## Problem
Output each entry verbatim and exclude every picture from it.

Dataset records
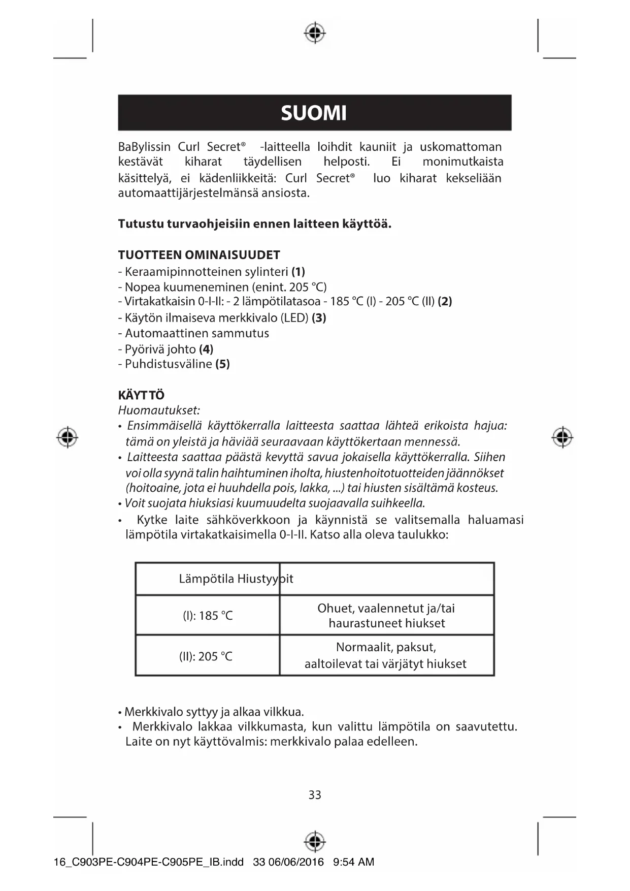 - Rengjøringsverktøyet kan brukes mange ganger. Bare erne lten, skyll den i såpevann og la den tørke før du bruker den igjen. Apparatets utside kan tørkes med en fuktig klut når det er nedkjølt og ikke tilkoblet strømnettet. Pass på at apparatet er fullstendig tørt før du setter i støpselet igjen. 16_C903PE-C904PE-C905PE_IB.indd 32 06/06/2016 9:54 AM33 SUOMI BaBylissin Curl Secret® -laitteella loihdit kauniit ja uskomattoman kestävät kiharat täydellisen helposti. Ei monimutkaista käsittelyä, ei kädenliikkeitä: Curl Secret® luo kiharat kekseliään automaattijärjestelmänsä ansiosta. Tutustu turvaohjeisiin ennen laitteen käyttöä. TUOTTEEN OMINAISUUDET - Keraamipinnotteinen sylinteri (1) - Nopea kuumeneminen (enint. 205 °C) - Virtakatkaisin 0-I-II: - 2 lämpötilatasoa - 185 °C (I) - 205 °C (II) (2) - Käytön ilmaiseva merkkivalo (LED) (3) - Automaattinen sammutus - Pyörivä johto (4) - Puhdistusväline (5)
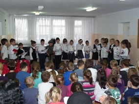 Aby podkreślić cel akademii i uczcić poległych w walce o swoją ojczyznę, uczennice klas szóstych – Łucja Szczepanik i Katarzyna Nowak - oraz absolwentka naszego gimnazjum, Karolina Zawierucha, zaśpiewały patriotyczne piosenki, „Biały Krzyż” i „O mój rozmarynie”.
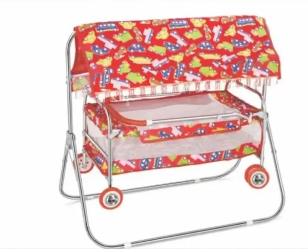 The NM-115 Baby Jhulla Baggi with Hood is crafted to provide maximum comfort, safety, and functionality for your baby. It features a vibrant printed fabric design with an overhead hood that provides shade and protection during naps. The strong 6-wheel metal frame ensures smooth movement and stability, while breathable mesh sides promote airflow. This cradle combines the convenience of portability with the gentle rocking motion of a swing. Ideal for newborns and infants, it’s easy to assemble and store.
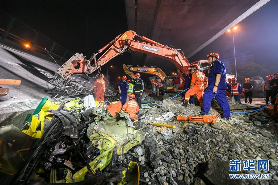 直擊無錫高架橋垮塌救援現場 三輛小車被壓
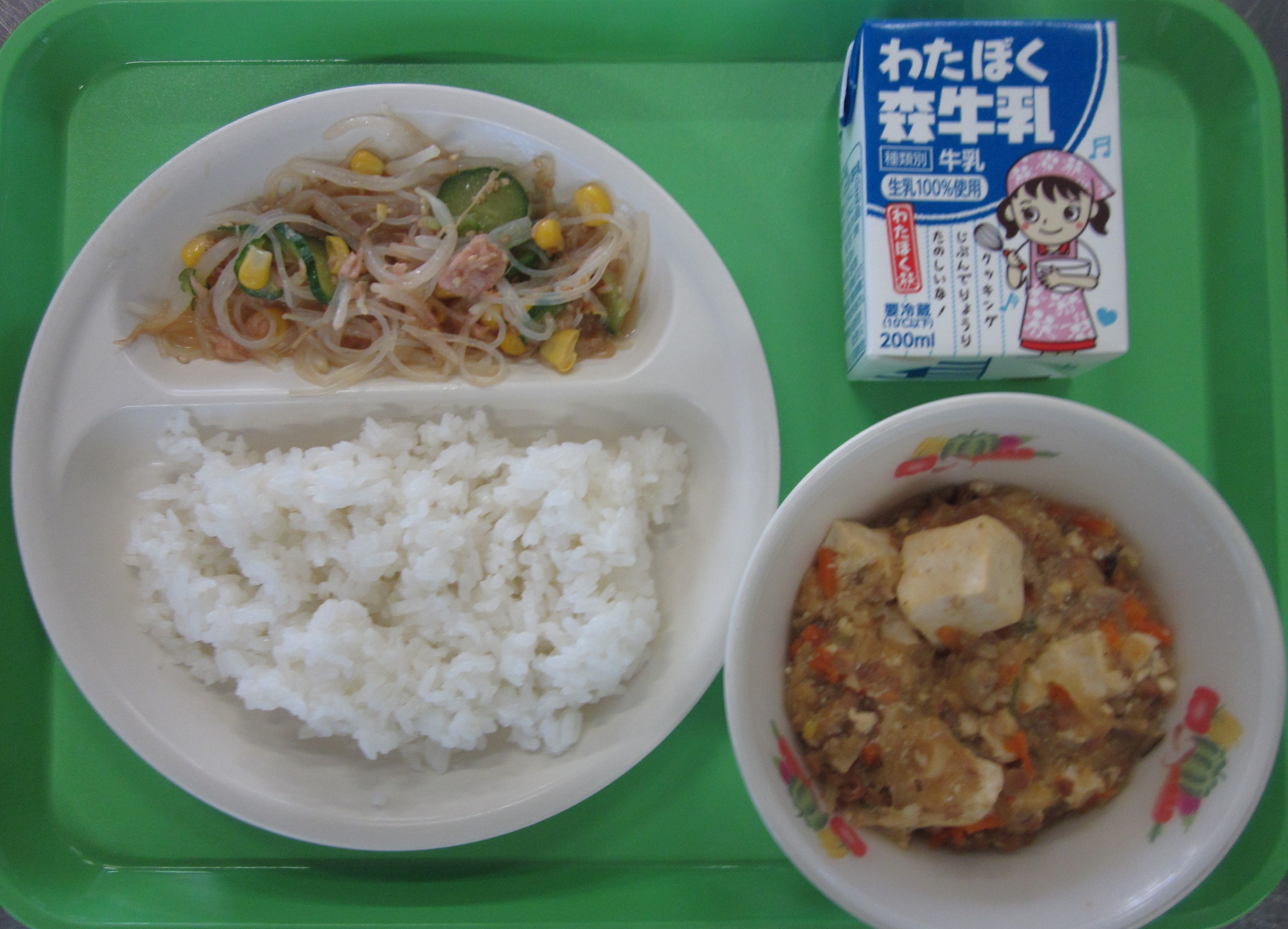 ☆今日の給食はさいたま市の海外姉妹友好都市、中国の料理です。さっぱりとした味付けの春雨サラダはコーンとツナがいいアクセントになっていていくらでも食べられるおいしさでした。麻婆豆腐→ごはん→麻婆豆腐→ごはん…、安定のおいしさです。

## Answer area
 - Rengjøringsverktøyet kan brukes mange ganger. Bare erne lten, skyll den i såpevann og la den tørke før du bruker den igjen. Apparatets utside kan tørkes med en fuktig klut når det er nedkjølt og ikke tilkoblet strømnettet. Pass på at apparatet er fullstendig tørt før du setter i støpselet igjen. 16_C903PE-C904PE-C905PE_IB.indd 32 06/06/2016 9:54 AM33 SUOMI BaBylissin Curl Secret® -laitteella loihdit kauniit ja uskomattoman kestävät kiharat täydellisen helposti. Ei monimutkaista käsittelyä, ei kädenliikkeitä: Curl Secret® luo kiharat kekseliään automaattijärjestelmänsä ansiosta. Tutustu turvaohjeisiin ennen laitteen käyttöä. TUOTTEEN OMINAISUUDET - Keraamipinnotteinen sylinteri (1) - Nopea kuumeneminen (enint. 205 °C) - Virtakatkaisin 0-I-II: - 2 lämpötilatasoa - 185 °C (I) - 205 °C (II) (2) - Käytön ilmaiseva merkkivalo (LED) (3) - Automaattinen sammutus - Pyörivä johto (4) - Puhdistusväline (5)
 Aby podkreślić cel akademii i uczcić poległych w walce o swoją ojczyznę, uczennice klas szóstych – Łucja Szczepanik i Katarzyna Nowak - oraz absolwentka naszego gimnazjum, Karolina Zawierucha, zaśpiewały patriotyczne piosenki, „Biały Krzyż” i „O mój rozmarynie”.
 The NM-115 Baby Jhulla Baggi with Hood is crafted to provide maximum comfort, safety, and functionality for your baby. It features a vibrant printed fabric design with an overhead hood that provides shade and protection during naps. The strong 6-wheel metal frame ensures smooth movement and stability, while breathable mesh sides promote airflow. This cradle combines the convenience of portability with the gentle rocking motion of a swing. Ideal for newborns and infants, it’s easy to assemble and store.
 直擊無錫高架橋垮塌救援現場 三輛小車被壓
 ☆今日の給食はさいたま市の海外姉妹友好都市、中国の料理です。さっぱりとした味付けの春雨サラダはコーンとツナがいいアクセントになっていていくらでも食べられるおいしさでした。麻婆豆腐→ごはん→麻婆豆腐→ごはん…、安定のおいしさです。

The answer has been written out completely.